Yes, I enjoy working out and have successful built a bit of muscle from the age of 40 to my present age of nearly 53 and so far it hasn't gone "dimpled and cauliflower-like." lol
In fact I get slightly better looking each year, obviously I cant look like this forever but I'll certainly be looking better than 99.9 % of guys that don't workout whatever age I am.

BTW, I play the Treble Recorder and not homosexual!


----------



## Lukecash12 (Sep 21, 2009)

As a Western fad? Often childish, and pointless. As a cultural observation? It's an art form. I happen to have some myself. To have another way to observe and appreciate different people and concepts from the past, is an intriguing option. And it sparks some fascinating conversations.
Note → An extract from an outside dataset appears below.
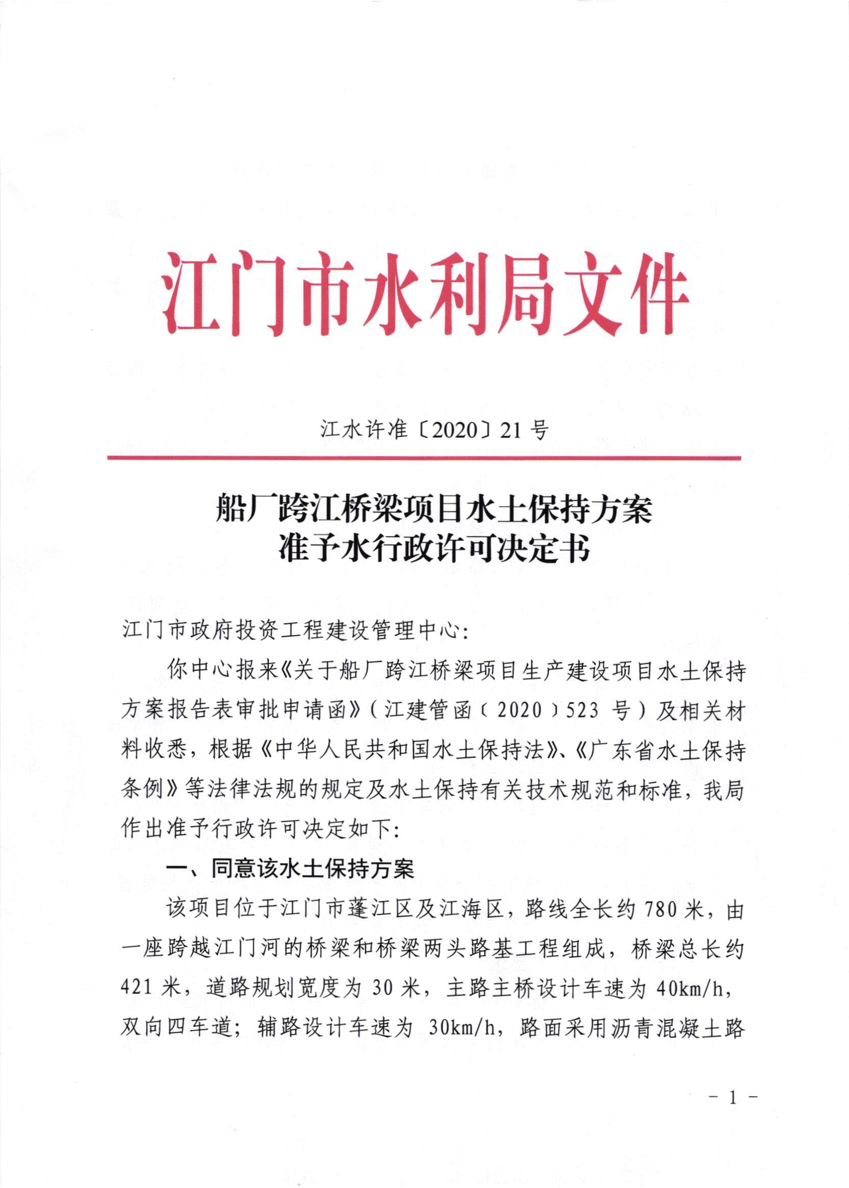 船厂跨江桥梁项目水土保持方案准予水行政许可决定书
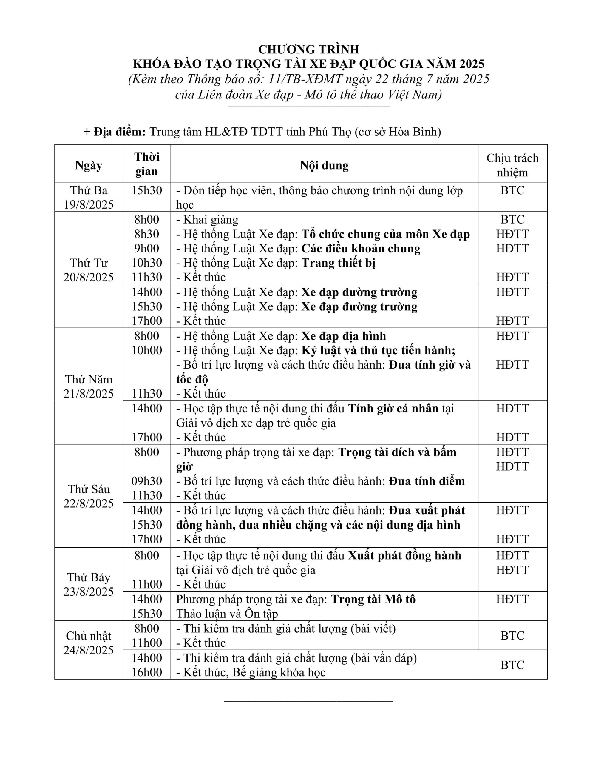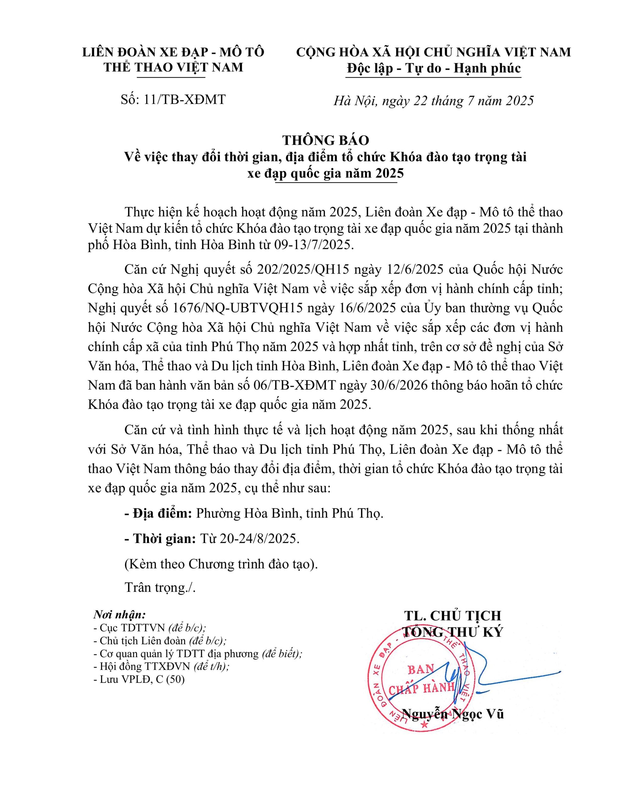 TB: về việc đổi thời gian, địa điểm tổ chức Khoá đào tạo trọng tài xe đạp quốc gia năm 2025

So far, I've had several symbols done, mostly Christian symbols, such as the fish symbol I have on my left foot.


----------



## moody (Nov 5, 2011)

Perfectly dreadful and in most cases they are a substitute for personality and are a desperate attempt to draw attention as a confidence boost. (Not in Lukecash's case I'm sure).


----------



## Ravndal (Jun 8, 2012)

ooh moody. always pleasant to read your posts. you seem like such a great guy! its safe to say that your not one of those elderly people who gets more and more sour by the years.

OT:

i like tats


----------



## LordBlackudder (Nov 13, 2010)

it looks like you have a mental disorder and like to draw on yourself.

i like the ones where it used to say something but now they're so fat its a new word.


----------



## Meaghan (Jul 31, 2010)

I know a lot of people who have tattoos representing something that is personally meaningful to them and that they are not likely to "outgrow," such as life-changing experiences or people they loved who are dead (my dead friend's mom has a tattoo in honor of her son). Plenty of these people are middle-aged or older folks who do not regret their tattoos in the least. They do not see markings in memory of the dead as morbid and constant reminders of loss, but do see the act of getting them as a catharsis that helped them move on and the act of wearing their love on their bodies as a positive thing. Another friend's mom has a large and elaborate tattoo with fairies and flowers and stuff all representing the various members of her (living) family. I think it is a bit gaudy, but it makes her happy, represents something important to her, and was well thought-out, so more power to her. I think (and have observed) that tattoos people put a lot of consideration into can be good things for them. Besides, I am not interested in condemning what other people put on their bodies. It seems kind of childish to me, like fashion gossip.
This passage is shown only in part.